**Work instructions**
Below are records to be repeated exactly. Leave their pictures behind.

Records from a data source
+ + + + + + +

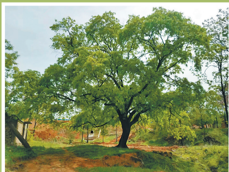
玉川古寨旧址上的皂角树
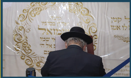
ערך שם הקפות במשך כשלושים שנה. הרב שופך את צקון ליבו בקבר שמואל הנביא

התקיעות של אביך, אנחנו נשארים כאן בתקיעות המיוחדות שלו.
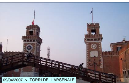
09/04/2007 -> TORRI DELL'ARSENALE
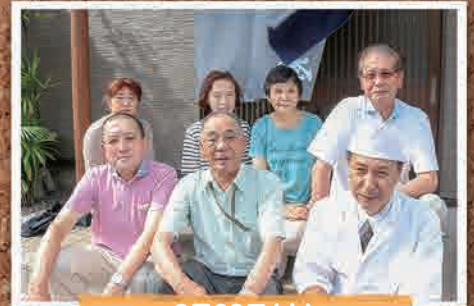
8月23日(木) 東京ふれあい双葉会役員会 (立川市)
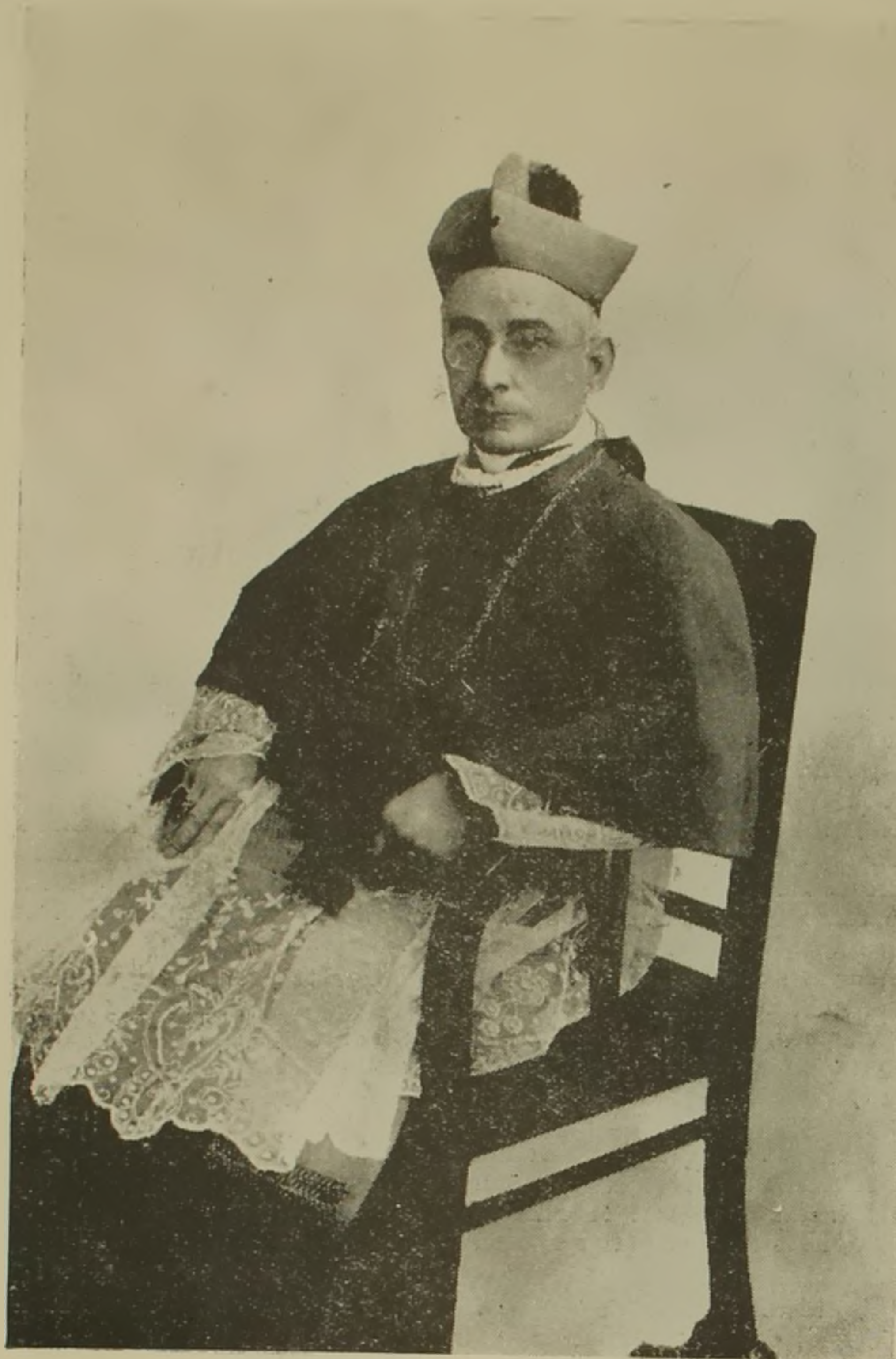
MONS. DON TOMÁS CAMACHO OBISPO DE SALTO:

La Liga de Damas Católicas del Uruguay y muy especialmente los Comités de los departamentos de vuestra Diócesis ponen sus servicios, como "auxiliares de parroquias" a vuestra disposición y prometen secundar siempre a la medida de sus fuerzas el programa de nuestro lema:
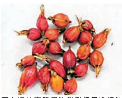
有違法商販用染料對梔子進行染色。

據央視報道，暗訪中發現，河南禹州馬路邊、停車場等開放場所，隨意攤開晾曬中藥材現象十分普遍，不僅垃圾充斥其中，其間還夾雜動物糞便，衛生條件突破底線。不僅如此，一些商販為了牟取暴利，還對銷售的
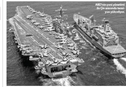
ABD'nin yeni yönetimi ile Çin arasında tansiyon yükseliyor.

Terör örgütleri DEAŞ ile PYD-YPG'nin birbirlerine silah sattıkları yönelik soruya da Çavuşoğlu, şöyle cevapladı: Suriye'de değişik gruplar arasında ticaret var, yarıdlaşma var. Bir taraftan da birbirlerini öldürüyorlar. Verilen silahların bile yarınsın DEAŞ'a yarınsın da YPG'ye gittiğini görüldük. Zaten YPG'nin eline silahın geçmesi demek PKK'nın eline geçmesi demektir. Bunun operasyonlarda görüyoruz, yakalıyoruz bu silahları. YPG ile DEAŞ'ın esasen birbirine karşı güç mücadelesi yapıyor. Suriye'nin geleceği için değil, ikisi de birbirinden toprak almaya çalışıyor ama yer yer birbirinden silah alıyorlar, değişiyorlar, satıyorlar. Petrol dahil birbirleriyle ticaretleri var. Bunu da zaten herkes biliyor. Bugün de YPG'ye silah vermenin tehlikesini ve risklerini ön plana çıkarmaya, herkesin dikkatine getirmeye çalışık.
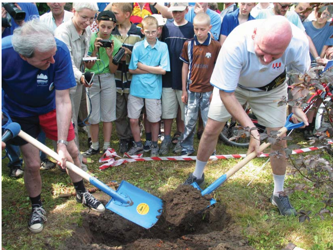
"Topór wojenny zakopany" - Prezydenci Bydgoszczy i Torunia.

+ + + + + + +

**Solution to this problem**
玉川古寨旧址上的皂角树
ערך שם הקפות במשך כשלושים שנה. הרב שופך את צקון ליבו בקבר שמואל הנביא

התקיעות של אביך, אנחנו נשארים כאן בתקיעות המיוחדות שלו.
09/04/2007 -> TORRI DELL'ARSENALE
8月23日(木) 東京ふれあい双葉会役員会 (立川市)
MONS. DON TOMÁS CAMACHO OBISPO DE SALTO:

La Liga de Damas Católicas del Uruguay y muy especialmente los Comités de los departamentos de vuestra Diócesis ponen sus servicios, como "auxiliares de parroquias" a vuestra disposición y prometen secundar siempre a la medida de sus fuerzas el programa de nuestro lema:
有違法商販用染料對梔子進行染色。

據央視報道，暗訪中發現，河南禹州馬路邊、停車場等開放場所，隨意攤開晾曬中藥材現象十分普遍，不僅垃圾充斥其中，其間還夾雜動物糞便，衛生條件突破底線。不僅如此，一些商販為了牟取暴利，還對銷售的
ABD'nin yeni yönetimi ile Çin arasında tansiyon yükseliyor.

Terör örgütleri DEAŞ ile PYD-YPG'nin birbirlerine silah sattıkları yönelik soruya da Çavuşoğlu, şöyle cevapladı: Suriye'de değişik gruplar arasında ticaret var, yarıdlaşma var. Bir taraftan da birbirlerini öldürüyorlar. Verilen silahların bile yarınsın DEAŞ'a yarınsın da YPG'ye gittiğini görüldük. Zaten YPG'nin eline silahın geçmesi demek PKK'nın eline geçmesi demektir. Bunun operasyonlarda görüyoruz, yakalıyoruz bu silahları. YPG ile DEAŞ'ın esasen birbirine karşı güç mücadelesi yapıyor. Suriye'nin geleceği için değil, ikisi de birbirinden toprak almaya çalışıyor ama yer yer birbirinden silah alıyorlar, değişiyorlar, satıyorlar. Petrol dahil birbirleriyle ticaretleri var. Bunu da zaten herkes biliyor. Bugün de YPG'ye silah vermenin tehlikesini ve risklerini ön plana çıkarmaya, herkesin dikkatine getirmeye çalışık.
"Topór wojenny zakopany" - Prezydenci Bydgoszczy i Torunia.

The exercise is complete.